◆ **DESCRIPTION OF THE TASK**:
Repeat only the lines below that run from the line with "Telephone, call and" to the line with "Отлично видна внутренняя", ends included; skip every picture.

◆ **DATA PROVIDED**:
__________

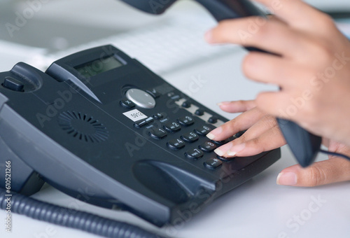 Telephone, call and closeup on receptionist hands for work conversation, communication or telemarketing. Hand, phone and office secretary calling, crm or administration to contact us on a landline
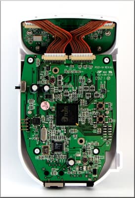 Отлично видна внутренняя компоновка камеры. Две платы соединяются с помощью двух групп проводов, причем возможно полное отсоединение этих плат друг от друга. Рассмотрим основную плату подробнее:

__________

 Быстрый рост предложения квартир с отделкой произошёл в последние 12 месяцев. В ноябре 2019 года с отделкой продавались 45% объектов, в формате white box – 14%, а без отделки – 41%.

__________

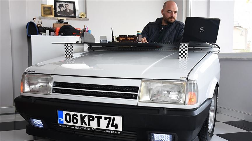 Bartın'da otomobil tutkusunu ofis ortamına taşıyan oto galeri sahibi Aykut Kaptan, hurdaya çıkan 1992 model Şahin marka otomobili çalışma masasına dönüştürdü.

__________

◆ **EXPECTED OUTPUT**:
 Telephone, call and closeup on receptionist hands for work conversation, communication or telemarketing. Hand, phone and office secretary calling, crm or administration to contact us on a landline
 Отлично видна внутренняя компоновка камеры. Две платы соединяются с помощью двух групп проводов, причем возможно полное отсоединение этих плат друг от друга. Рассмотрим основную плату подробнее:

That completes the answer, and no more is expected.